Samstag, 4. Dezember
Mit dem schlüssigen Argument, dass es im Notfall ungünstig wäre, wenn wir beide im Gebäude sind, gelingt es mir, Cally dazu zu bringen, im Wagen zu bleiben. Sie soll eine halbe Stunde warten und – wenn ich mich bis dahin nicht per Textnachricht gemeldet habe – anschließend die Polizei verständigen. Nur unter diesen Bedingungen erklärt sie sich einverstanden. Zudem muss ich versprechen, die Lagerhalle nicht zu betreten, sondern mich nur auf dem Gelände umzusehen. Aber was sie nicht weiß, macht sie nicht heiß.

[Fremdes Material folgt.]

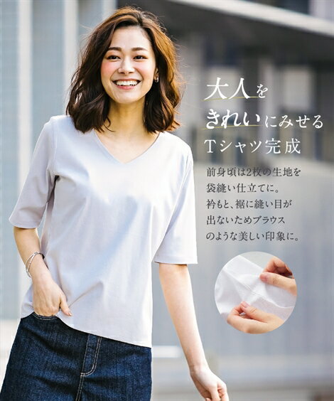 Tシャツ カットソー レディース 大人の品格 ダブルフロント 深Vネック 5分袖 トップス モカ/ライトグレー/ラベンダー/黒/白 S/M/L/LL ニッセン
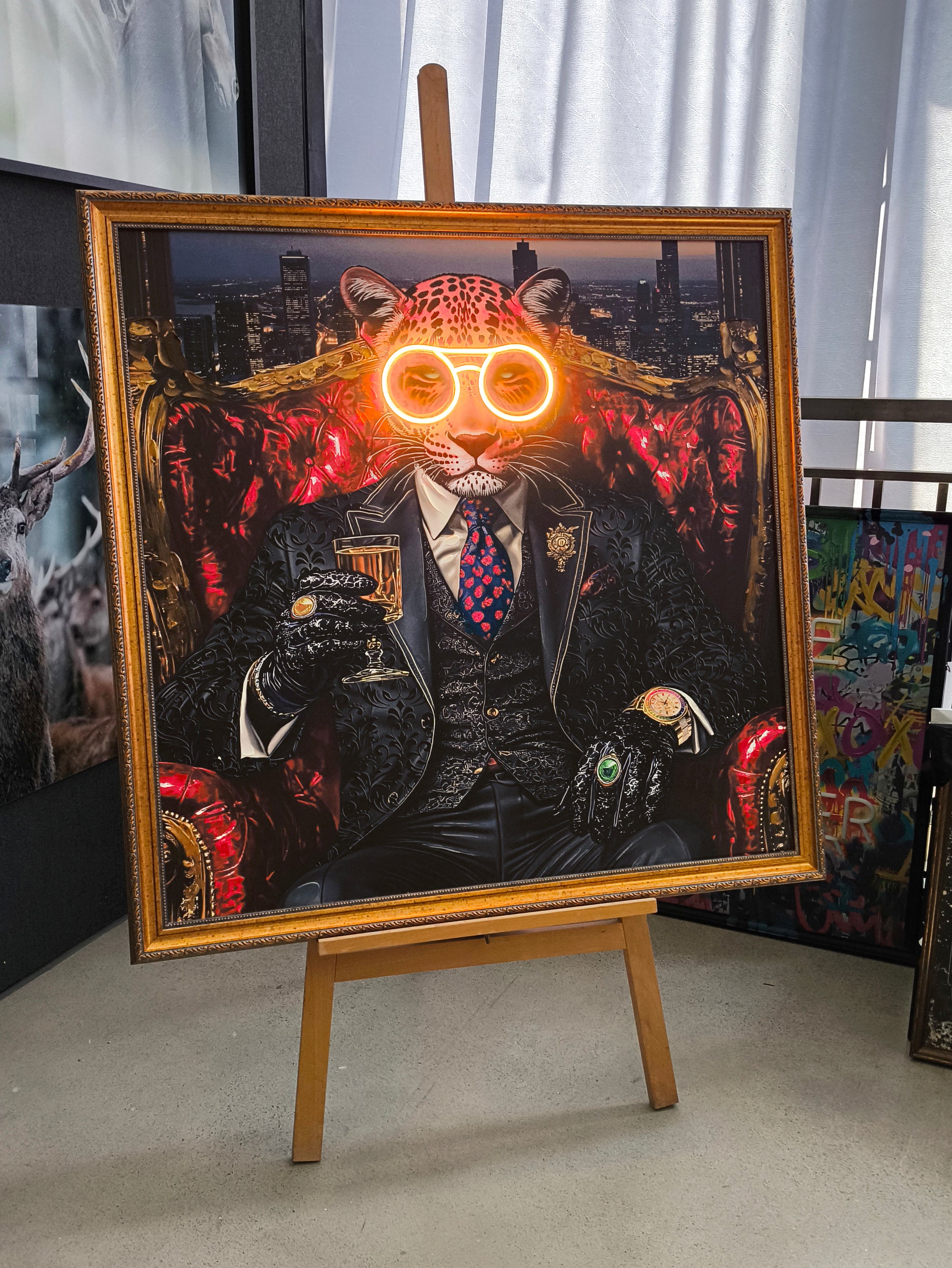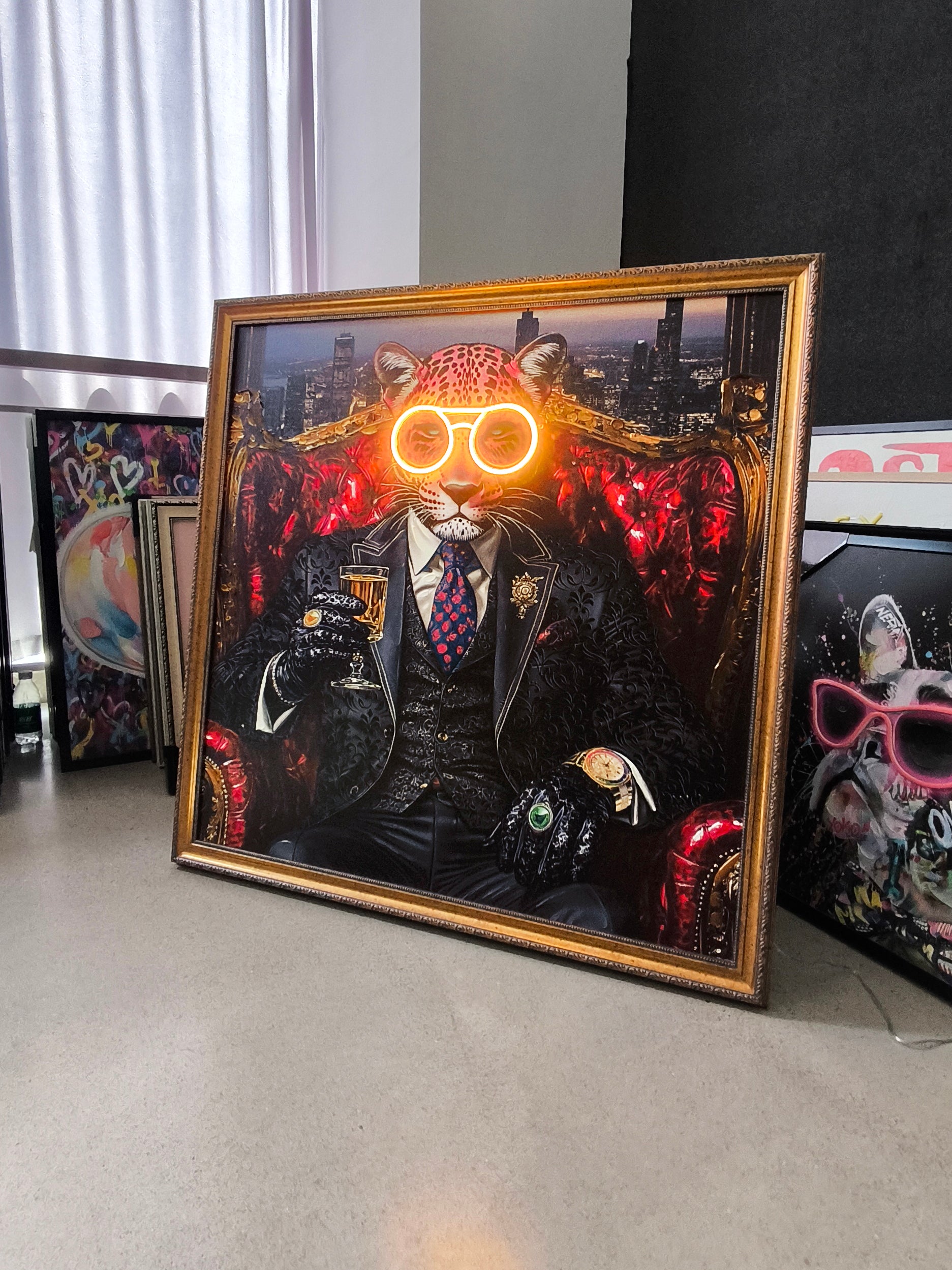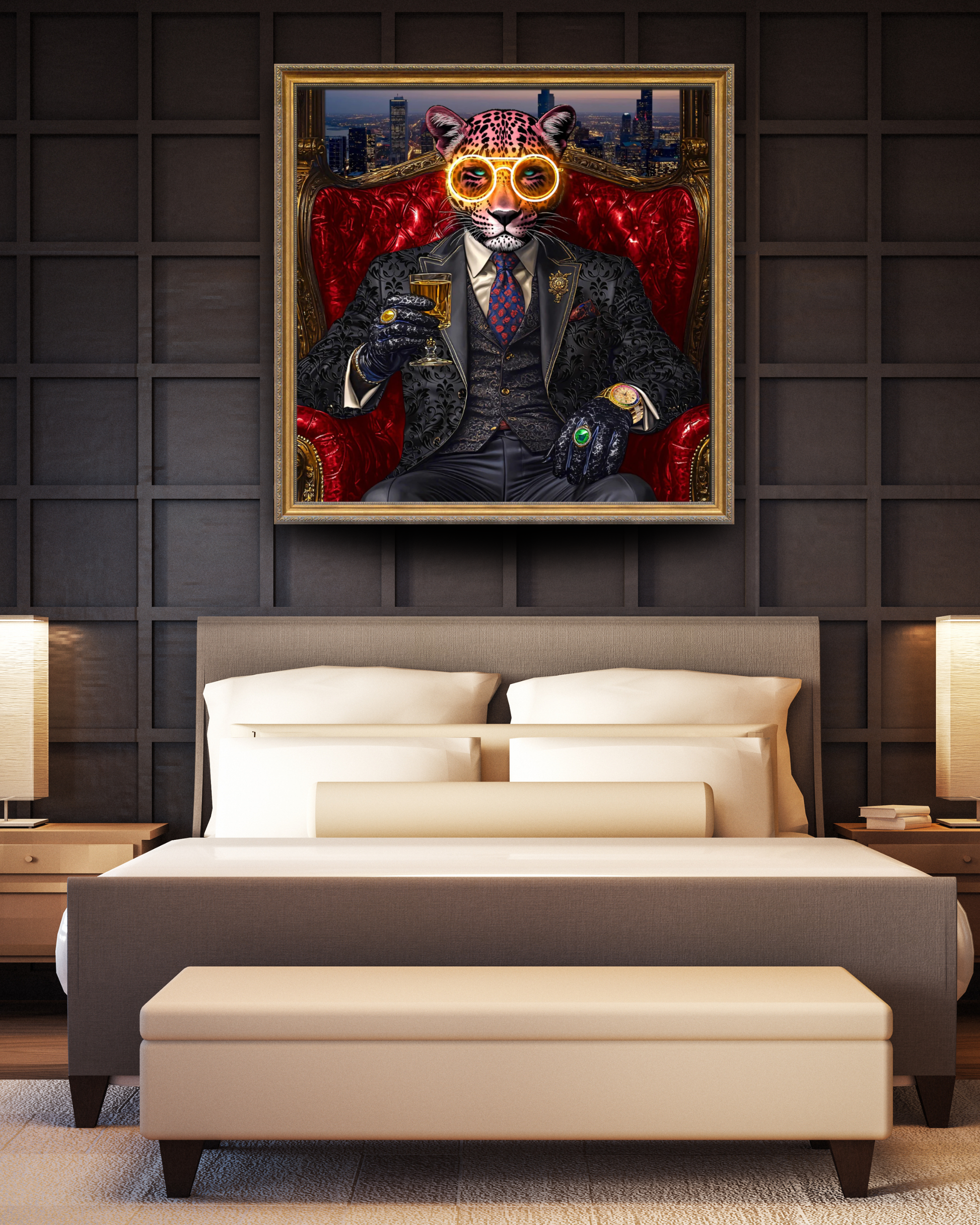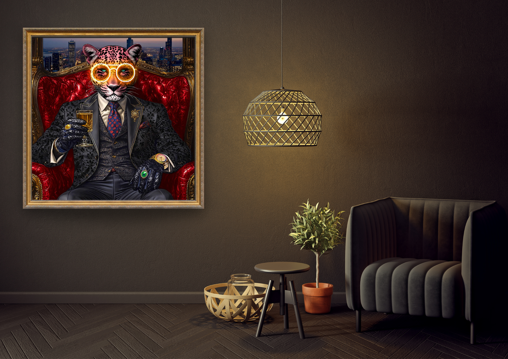 Add bold charm and electric energy to your décor with the Royal Leopard LED Wall Art. Featuring a stylish leopard dressed in a richly detailed black suit and illuminated by glowing gold LED glasses, this piece perfectly blends sophistication, humor, and modern edge.

Boreham Warehouses ist ein großer Komplex, eher ein kleiner Industriepark als eine Lagerhalle. Es sieht so aus, als hätten hier früher mehrere Firmen ihre Lagerhallen gehabt. Es parken keine Autos auf dem Gelände, kein verräterischer falscher Hermes-Transporter ist in Sicht, und es gibt kein großes Hinweisschild, das verkündet: »HIER ENTLANG ZU DEN BÖSEWICHTEN «. Alles wirkt verlassen. Ich sehe noch mal auf der App nach: Da ist das GPS -Signal – direkt neben meinem Standort. Auch wenn alles verlassen wirkt, ich bin hier richtig.

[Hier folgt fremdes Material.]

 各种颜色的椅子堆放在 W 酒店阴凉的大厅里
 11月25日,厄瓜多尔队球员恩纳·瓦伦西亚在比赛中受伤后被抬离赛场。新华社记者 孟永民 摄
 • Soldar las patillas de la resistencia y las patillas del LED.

Ich hole tief Luft, schaue mich um und suche nach einem Eingang. Im Zaun, der das Gelände umgibt, klaffen große Lücken, aber alle scheinen provisorisch geflickt worden zu sein. Doch es muss einen Weg hinein geben, wenn Mitchell meinen Hund hierhergebracht hat.

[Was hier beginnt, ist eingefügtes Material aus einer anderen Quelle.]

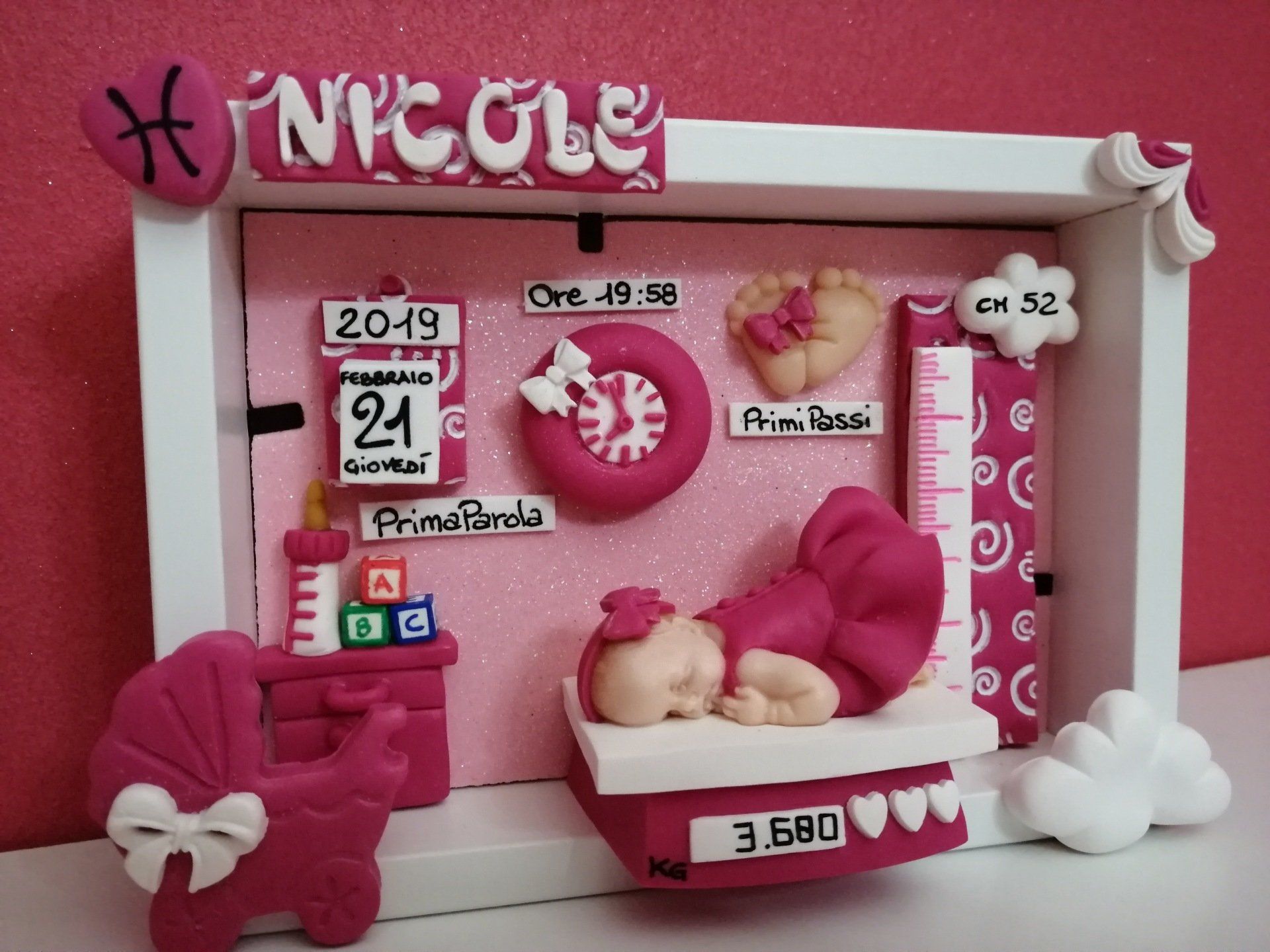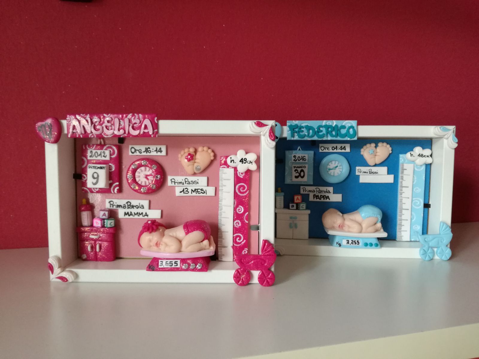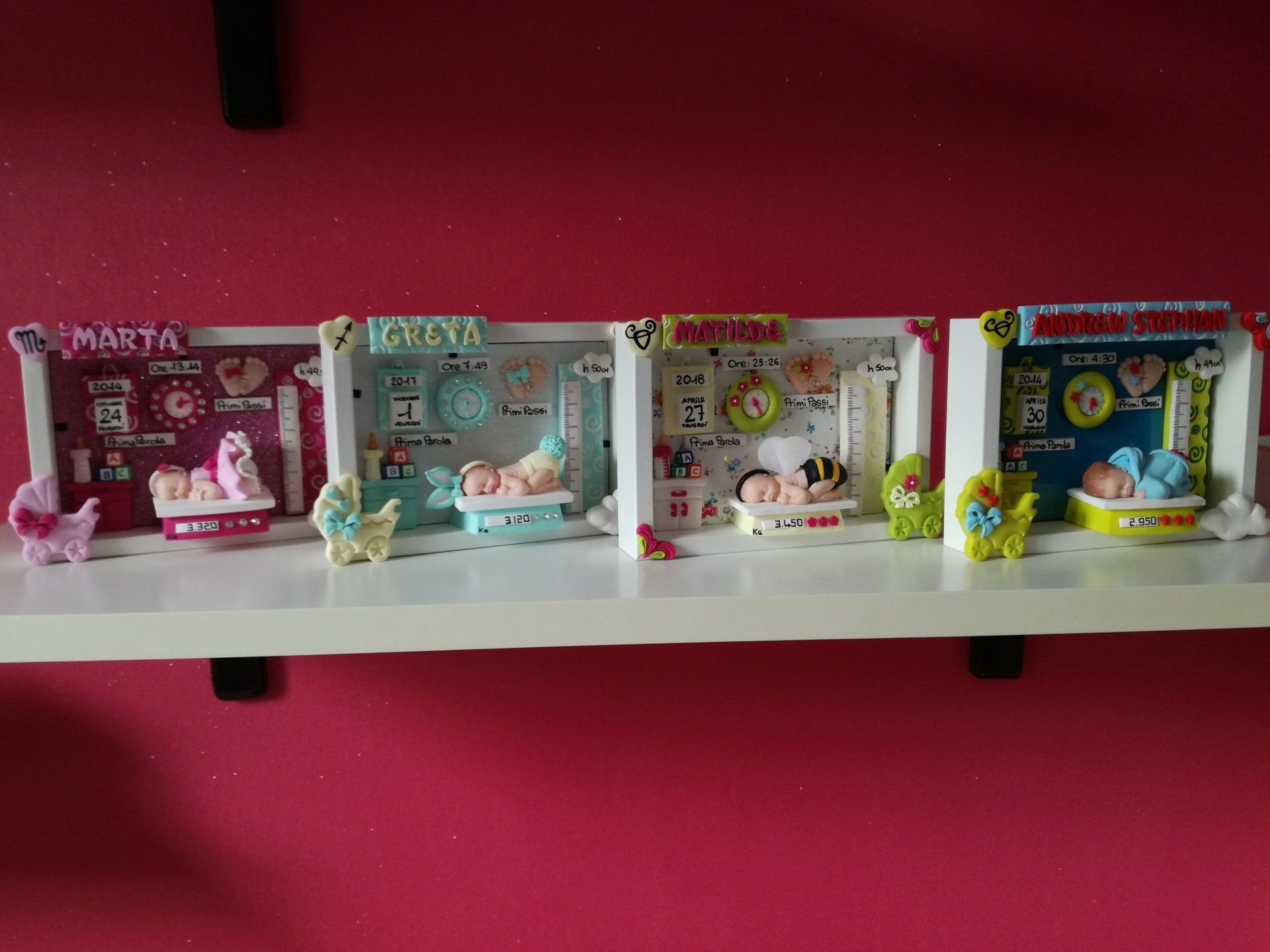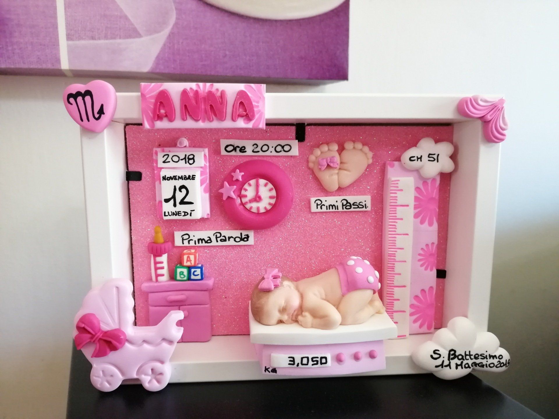 Quadretti nascita con nome,data, peso, altezza, segno zodiacale, primi passi, prima parola ...

Auf der Rückseite des Komplexes finde ich schließlich ein Schlupfloch. Der Holzzaun ist verrottet, und der Drahtzaun, der die Stelle sichern soll, ist eingetreten worden und hängt schief herab. Wahrscheinlich wurde er nicht repariert, weil es da drin nichts mehr gibt, was sich zu stehlen lohnt. Der Zaun ist eher eine Art Vorsichtsmaßnahme, damit Jugendliche nicht das Gelände erkunden und dabei zu Tode kommen. Tja, Jugendliche und Hausfrauen mittleren Alters.
Bei den ersten drei Lagerhallen entdecke ich keinen Eingang, doch als ich zum vierten Gebäude komme – es war wohl mal eine alte Teppichlagerhalle –, steht die Tür des Notausgangs ein wenig offen.
Die Luft im Innern ist voller Staub, der in meiner Kehle kratzt, mich zum Husten und Niesen reizt. Die Halle ist immer noch voller Reihen ausgemusterter Teppiche; sie bilden Gänge, die das Lager aussehen lassen wie ein Labyrinth. Ich höre nichts und entdecke keine Spur von Archie, und ich habe jetzt zehn Minuten meiner halben Stunde nur darauf verwendet, überhaupt reinzukommen.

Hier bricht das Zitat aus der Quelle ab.